PROBLEM REQUIREMENTS |
Up to and including the line with "ちょっと背の部分が大き過ぎた", please set down the entries below exactly, starting from the first line.
■ ■ ■ ■
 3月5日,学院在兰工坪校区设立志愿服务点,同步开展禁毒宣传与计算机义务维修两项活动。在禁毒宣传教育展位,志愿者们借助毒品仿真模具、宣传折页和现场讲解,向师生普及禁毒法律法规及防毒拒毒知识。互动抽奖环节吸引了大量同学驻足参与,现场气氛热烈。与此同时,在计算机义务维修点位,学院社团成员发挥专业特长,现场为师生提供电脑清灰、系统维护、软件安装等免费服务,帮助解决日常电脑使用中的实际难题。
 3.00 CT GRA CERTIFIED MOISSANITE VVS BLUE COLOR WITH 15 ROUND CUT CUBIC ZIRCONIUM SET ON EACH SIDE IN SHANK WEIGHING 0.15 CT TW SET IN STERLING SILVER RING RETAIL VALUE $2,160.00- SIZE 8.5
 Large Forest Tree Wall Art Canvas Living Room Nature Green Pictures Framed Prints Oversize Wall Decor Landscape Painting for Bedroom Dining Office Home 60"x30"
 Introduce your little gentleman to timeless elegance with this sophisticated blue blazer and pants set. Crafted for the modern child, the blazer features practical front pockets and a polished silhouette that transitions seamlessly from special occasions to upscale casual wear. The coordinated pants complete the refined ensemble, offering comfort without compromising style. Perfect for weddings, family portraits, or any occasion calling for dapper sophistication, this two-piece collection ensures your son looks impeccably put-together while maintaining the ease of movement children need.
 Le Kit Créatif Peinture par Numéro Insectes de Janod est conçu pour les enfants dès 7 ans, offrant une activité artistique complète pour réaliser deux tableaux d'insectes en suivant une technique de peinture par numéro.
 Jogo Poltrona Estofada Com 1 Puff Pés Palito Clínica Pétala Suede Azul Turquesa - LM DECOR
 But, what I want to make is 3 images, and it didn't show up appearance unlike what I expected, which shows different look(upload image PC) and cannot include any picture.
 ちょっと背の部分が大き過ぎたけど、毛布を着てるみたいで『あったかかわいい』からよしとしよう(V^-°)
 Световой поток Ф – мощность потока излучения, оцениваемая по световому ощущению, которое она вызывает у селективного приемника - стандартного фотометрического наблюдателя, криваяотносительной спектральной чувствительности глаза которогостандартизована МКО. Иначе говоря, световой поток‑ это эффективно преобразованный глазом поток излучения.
■ ■ ■ ■
SOLUTION FOR THIS EXERCISE |
 3月5日,学院在兰工坪校区设立志愿服务点,同步开展禁毒宣传与计算机义务维修两项活动。在禁毒宣传教育展位,志愿者们借助毒品仿真模具、宣传折页和现场讲解,向师生普及禁毒法律法规及防毒拒毒知识。互动抽奖环节吸引了大量同学驻足参与,现场气氛热烈。与此同时,在计算机义务维修点位,学院社团成员发挥专业特长,现场为师生提供电脑清灰、系统维护、软件安装等免费服务,帮助解决日常电脑使用中的实际难题。
 3.00 CT GRA CERTIFIED MOISSANITE VVS BLUE COLOR WITH 15 ROUND CUT CUBIC ZIRCONIUM SET ON EACH SIDE IN SHANK WEIGHING 0.15 CT TW SET IN STERLING SILVER RING RETAIL VALUE $2,160.00- SIZE 8.5
 Large Forest Tree Wall Art Canvas Living Room Nature Green Pictures Framed Prints Oversize Wall Decor Landscape Painting for Bedroom Dining Office Home 60"x30"
 Introduce your little gentleman to timeless elegance with this sophisticated blue blazer and pants set. Crafted for the modern child, the blazer features practical front pockets and a polished silhouette that transitions seamlessly from special occasions to upscale casual wear. The coordinated pants complete the refined ensemble, offering comfort without compromising style. Perfect for weddings, family portraits, or any occasion calling for dapper sophistication, this two-piece collection ensures your son looks impeccably put-together while maintaining the ease of movement children need.
 Le Kit Créatif Peinture par Numéro Insectes de Janod est conçu pour les enfants dès 7 ans, offrant une activité artistique complète pour réaliser deux tableaux d'insectes en suivant une technique de peinture par numéro.
 Jogo Poltrona Estofada Com 1 Puff Pés Palito Clínica Pétala Suede Azul Turquesa - LM DECOR
 But, what I want to make is 3 images, and it didn't show up appearance unlike what I expected, which shows different look(upload image PC) and cannot include any picture.
 ちょっと背の部分が大き過ぎたけど、毛布を着てるみたいで『あったかかわいい』からよしとしよう(V^-°)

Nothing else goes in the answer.